Она с удовольствием отдыхала, приводила в порядок запущенные домашние дела, а вечером ехала в лабораторию. Однако снов, как, впрочем, она и предполагала, не видела ни одного. Баринова это, похоже, беспокоило, хотя он старался не подавать вида. Нину не покидала мысль, переходящая в уверенность, что те сны надолго ее оставили.

…Так прошла неделя, началась другая.

Нина вышла из своей кабинки и задержала шаг.

Баринов сидел, задумавшись, за большим лабораторным столом над развернутыми лентами самописцев, видимо, сегодняшними, и ее не заметил. Нина с минуту понаблюдала за застывшим выражением его усталого лица, потом тихонько спросила:

– Павел Филиппович, вы когда в последний раз были в отпуске?

Он поднял голову, слабо улыбнулся и снял очки. Строгие и внимательные за стеклами, его глаза сделались близоруко-мягкими, по-детски наивными, почти беспомощными. Он сильно провел ладонью по лицу, как бы стирая признаки усталости и беспокойства.

– Ах, Нина Васильевна, Нина Васильевна! И вы туда же! Лиза каждый день пилит: «когда в отпуск?», «когда в отпуск?» Позавчера встретил приятеля, сто лет не виделись, и он ту же песню завел… Неужели и впрямь у меня вид такой отвратительный?

– Лето в самом разгаре, Павел Филиппович.

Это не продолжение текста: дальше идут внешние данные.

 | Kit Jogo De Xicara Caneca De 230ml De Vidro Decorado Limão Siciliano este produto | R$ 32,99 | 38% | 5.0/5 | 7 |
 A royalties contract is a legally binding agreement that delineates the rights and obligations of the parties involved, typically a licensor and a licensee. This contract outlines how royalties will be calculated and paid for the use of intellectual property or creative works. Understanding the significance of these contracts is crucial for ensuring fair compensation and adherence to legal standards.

– Э-э, чепуха! Одно время очень даже популярна была песенка со словами: «Трудовые будни – праздники для нас!» Помните?.. С тех пор мы так и живем.

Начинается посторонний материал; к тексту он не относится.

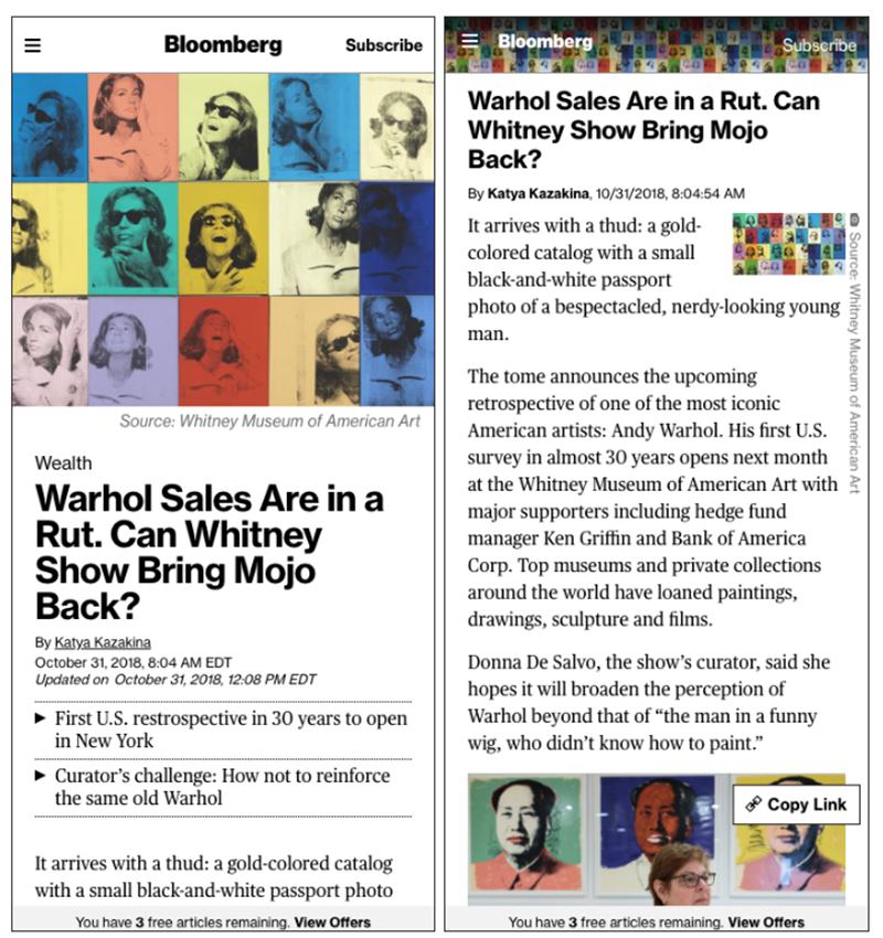 Con estos datos, Bloomberg se puso a diseñar una plantilla de artículo pensada específicamente para usuarios que acceden a un artículo vía redes sociales. La aplicación tiene estas características: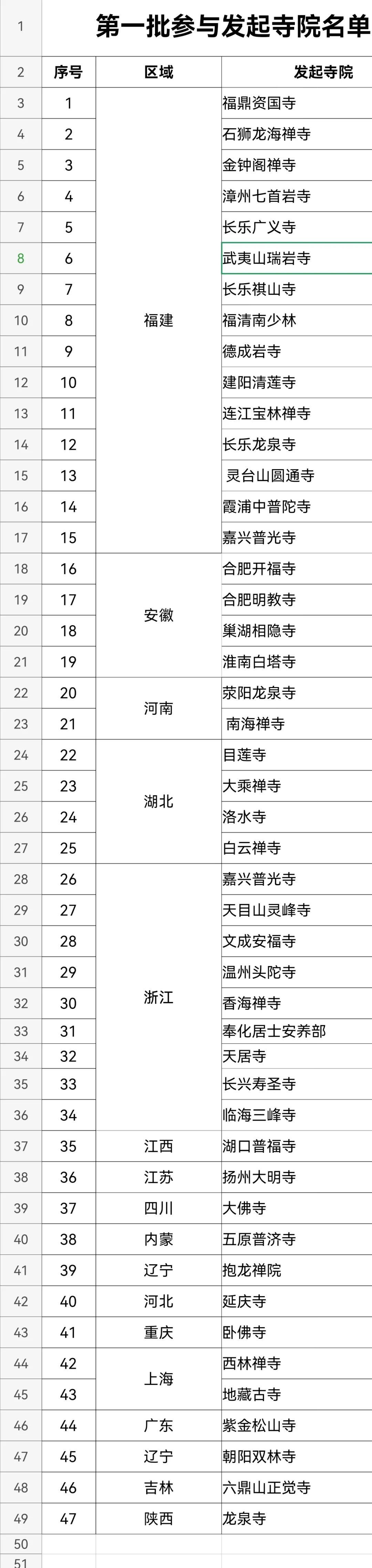 发起“为了忘却的记念——百年百寺祭奠英烈活动”的寺院名单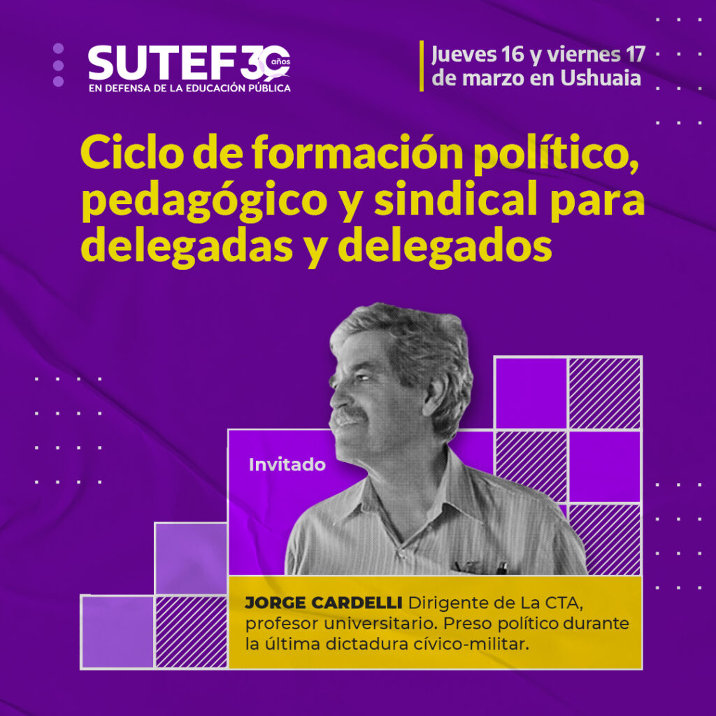El encuentro tendrá como disertante al profesor Jorge Cardelli, dirigente de La CTA – preso político durante la última dictadura cívico-militar, y la participación de docentes que fundaron al SUTEF.

Нина оглянулась на лаборанток, занятых в другом конце комнаты, и, понизив голос, спросила:

– Что-то не ладится, Павел Филиппович?

Он не ответил, надел очки и встал. Глаза снова смотрели иронично, остро и только самую малость устало.

– Вы домой, Нина Васильевна? Я подвезу.

Она молча кивнула и отошла. Баринов неторопливо смотал в тугие рулоны голубоватые ленты самописцев, уложил в коробки.

В машине он сразу включил приемник, словно отгораживаясь от возможных расспросов. Под голоса веселых затейников из «Опять двадцать пять» доехали до ее дома, и здесь он сказал, не глядя на нее:

– Держу пари, что будете рады. Даю вам, Нина Васильевна, двухнедельный отпуск – прямо с сегодняшнего вечера. Отдохните от нас, мы отдохнем от вас. Но увидите сон – звоните мне домой или в лабораторию в любое время суток. Появлюсь незамедлительно.

– — – — —

*In vino veritas (лат.) — Истина в вине.

Глава 4

1

Неловко прижимая сумочку локтем левой руки, в которой держала зонт, Нина на ощупь набрала код замка, и калитка послушно отворилась. Узкой дорожкой, стиснутой высоким, ровно подстриженным кустарником, она прошла во двор. Прямо под фонарем стоял сиреневый «Москвич», и струи дождя выбивали маленькие фонтанчики из его глянцевой поверхности.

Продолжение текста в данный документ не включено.